Dit vonnis is gewezen door:
mr. N. Doorduijn, voorzitter,
en mrs. A.A.T. Werner en F.W.H. van den Emster, rechters,
in tegenwoordigheid van mr. J.G. Polke, griffier,
en uitgesproken op de openbare terechtzitting van deze rechtbank op de datum die in de kop van dit vonnis is vermeld.

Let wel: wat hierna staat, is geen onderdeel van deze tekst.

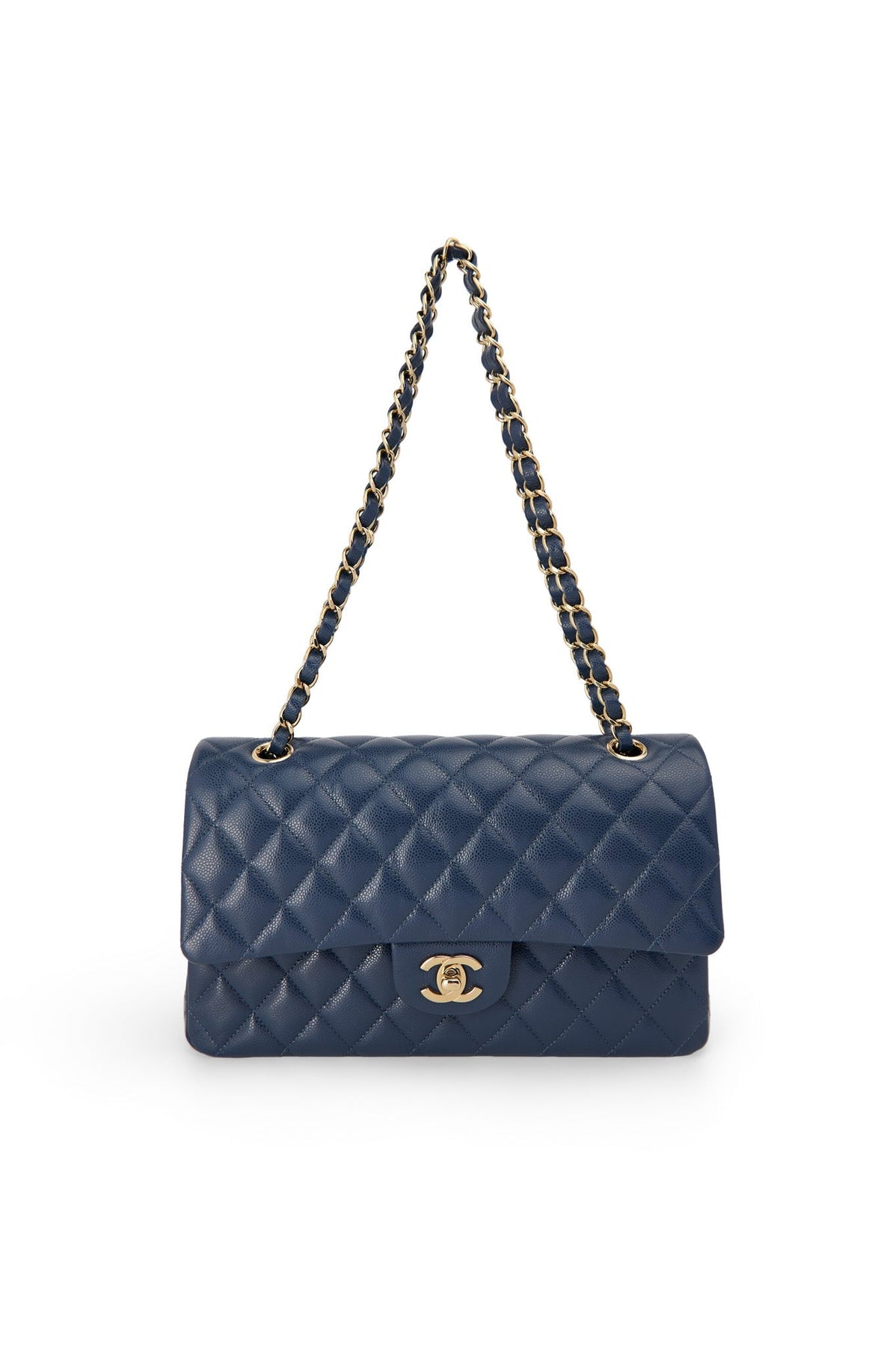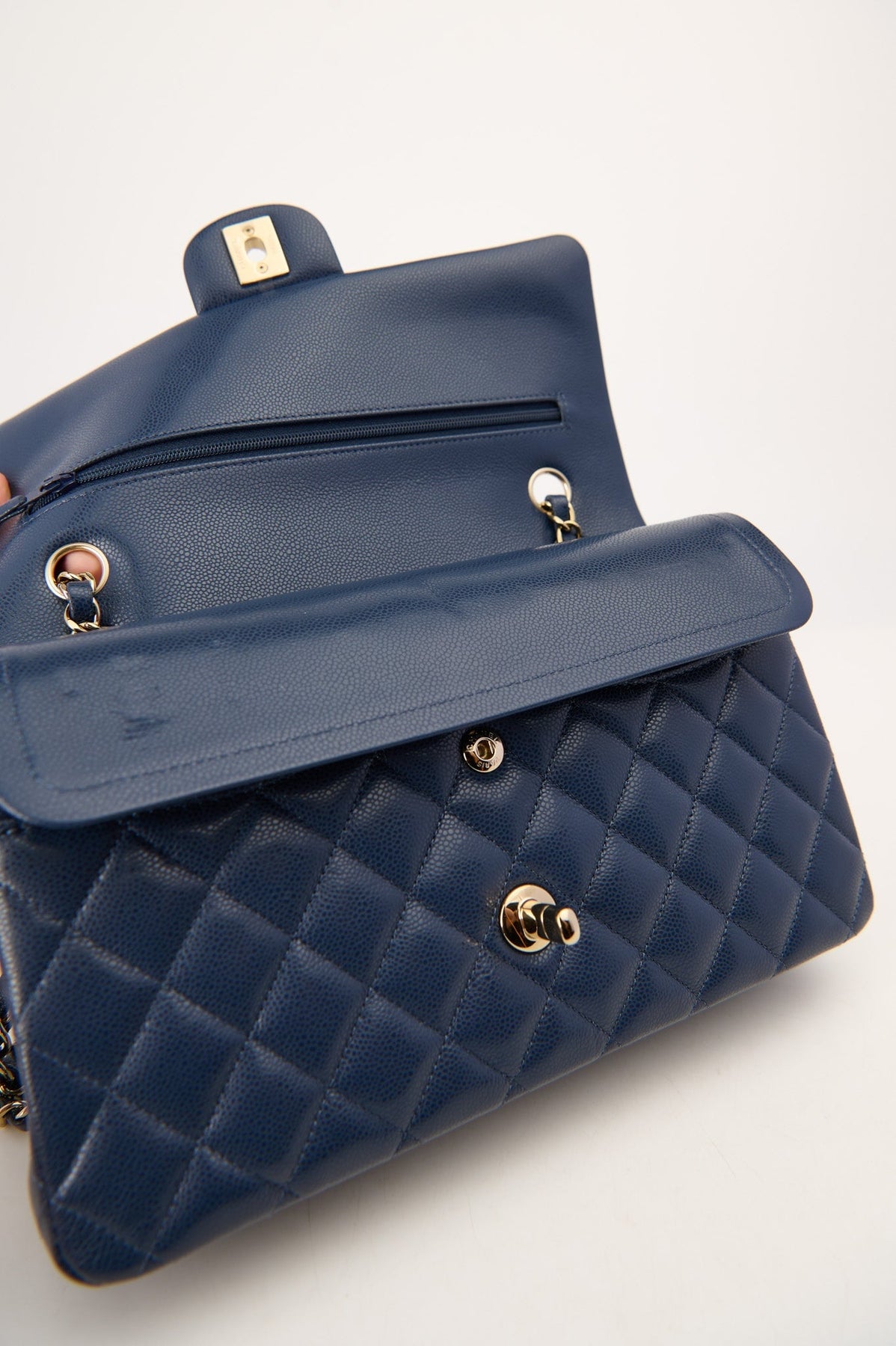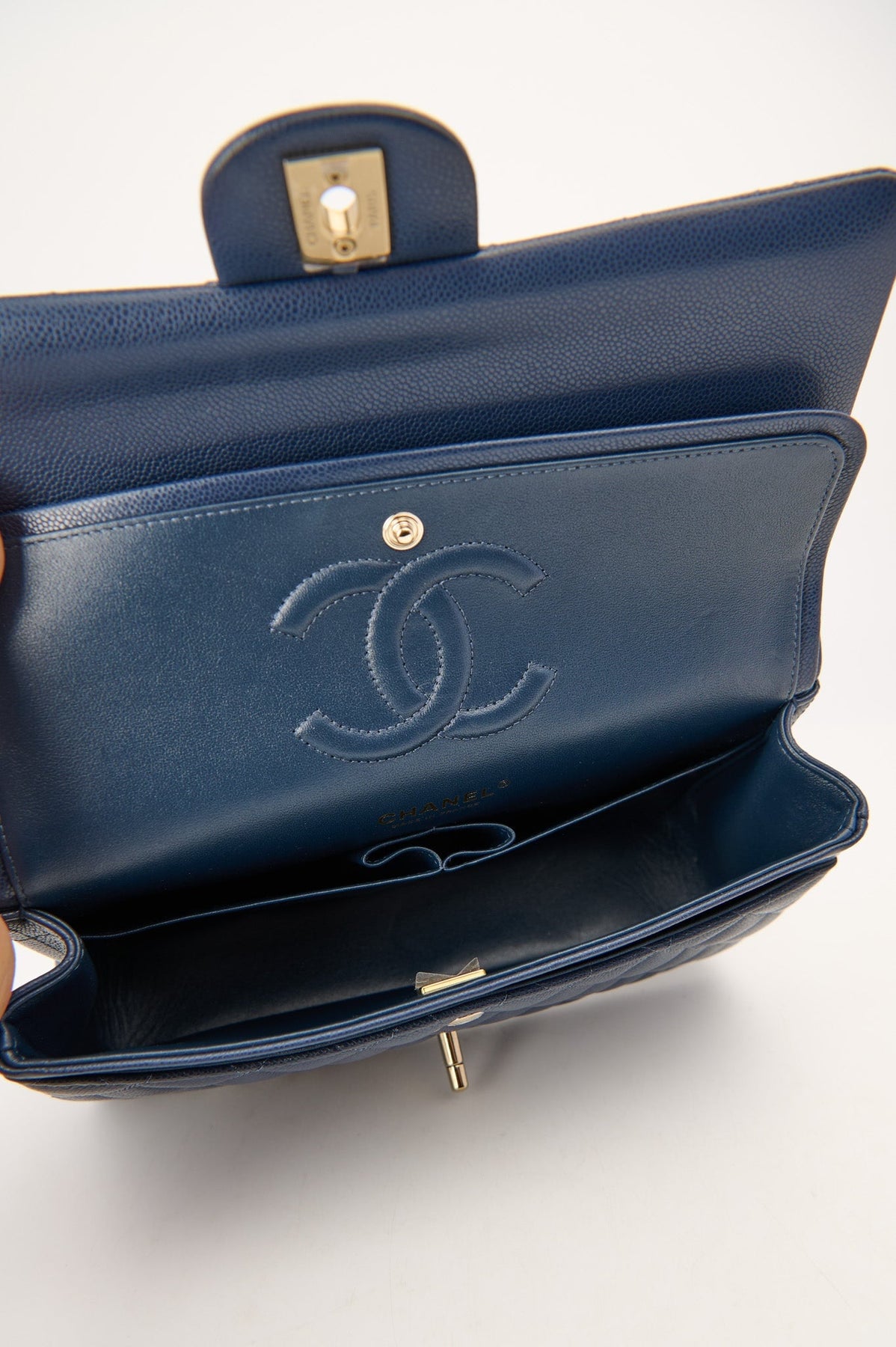 Pre-loved Chanel Medium Double Flap Bag in navy

De jongste rechter is buiten staat dit vonnis mede te ondertekenen.
Bijlage I
Tekst tenlastelegging
Aan de verdachte wordt ten laste gelegd dat
1.
hij in of omstreeks de periode van 21 december 2015 tot en met 27 december 2015 te Rotterdam, althans ergens in Nederland een goed, te weten een mobiele telefoon (merk Samsung, kleur wit), heeft verworven en/of heeft voorhanden gehad, terwijl hij ten tijde van de verwerving of het voorhanden krijgen van dat goed wist, althans redelijkerwijs had moeten vermoeden, dat het (een) door misdrijf, namelijk door diefstal (met geweld), althans door enig (ander) misdrijf, verkregen goed betrof;
2.
hij in of omstreeks de periode van 19 oktober 2015 tot en met 20 oktober 2015 te Rotterdam, een goed, te weten een mobiele telefoon (merk Samsung, type SG 4, kleur zwart), heeft verworven en/of heeft voorhanden gehad, terwijl hij ten tijde van de verwerving of het voorhanden krijgen van dat goed wist, althans redelijkerwijs had moeten vermoeden, dat het (een) door misdrijf, namelijk door diefstal (met geweld), althans door enig (ander) misdrijf, verkregen goed betrof;
3.
hij in of omstreeks de periode van 06 januari 2016 tot en met 07 januari 2016 te Rotterdam, een goed, te weten een mobiele telefoon (merk Apple, type Iphone 6, kleur goud), heeft verworven en/of heeft voorhanden gehad, terwijl hij ten tijde van de verwerving of het voorhanden krijgen van dat goed wist, althans redelijkerwijs had moeten vermoeden, dat het (een) door misdrijf, namelijk door diefstal (met geweld), althans door enig (ander) misdrijf, verkregen goed betrof;
4.
hij in of omstreeks de periode van 26 december 2015 tot en met 27 december 2015 te Rotterdam, een goed, te weten een mobiele telefoon (merk Samsung, type Galaxy S6), heeft verworven en/of heeft voorhanden gehad, terwijl hij ten tijde van de verwerving of het voorhanden krijgen van dat goed wist, althans redelijkerwijs had moeten vermoeden, dat het (een) door misdrijf, namelijk door diefstal (met geweld), althans door enig (ander) misdrijf, verkregen goed betrof;
5.
hij in of omstreeks de periode van 03 januari 2016 tot en met 08 januari 2016 te Rotterdam, een goed, te weten een mobiele telefoon (merk Samsung, type Galaxy A7), heeft verworven en/of heeft voorhanden gehad, terwijl hij ten tijde van de verwerving of het voorhanden krijgen van dat goed wist, althans redelijkerwijs had moeten vermoeden, dat het (een) door misdrijf, namelijk door diefstal (met geweld), althans door enig (ander) misdrijf, verkregen goed betrof;
6.
hij op of omstreeks 01 november 2015 te Rotterdam, een goed, te weten een of meer mobiele telefoons (merk Apple, type Iphone, kleur wit), heeft verworven en/of heeft voorhanden gehad, terwijl hij ten tijde van de verwerving of het voorhanden krijgen van dat goed wist, althans redelijkerwijs had moeten vermoeden, dat het (een) door misdrijf, namelijk door diefstal (met geweld), althans door enig (ander) misdrijf, verkregen goed betrof;
7.
hij in of omstreeks de periode van 12 oktober 2015 tot en met 13 oktober 2015 te Rotterdam een goed, te weten een mobiele telefoon (merk/type Samsung Galaxy), heeft verworven en/of heeft voorhanden gehad en/of heeft overgedragen, terwijl hij ten tijde van de verwerving of het voorhanden krijgen van dat goed wist, althans redelijkerwijs had moeten vermoeden, dat het (een) door misdrijf, namelijk door diefstal, althans door enig (ander) misdrijf, verkregen goed betrof.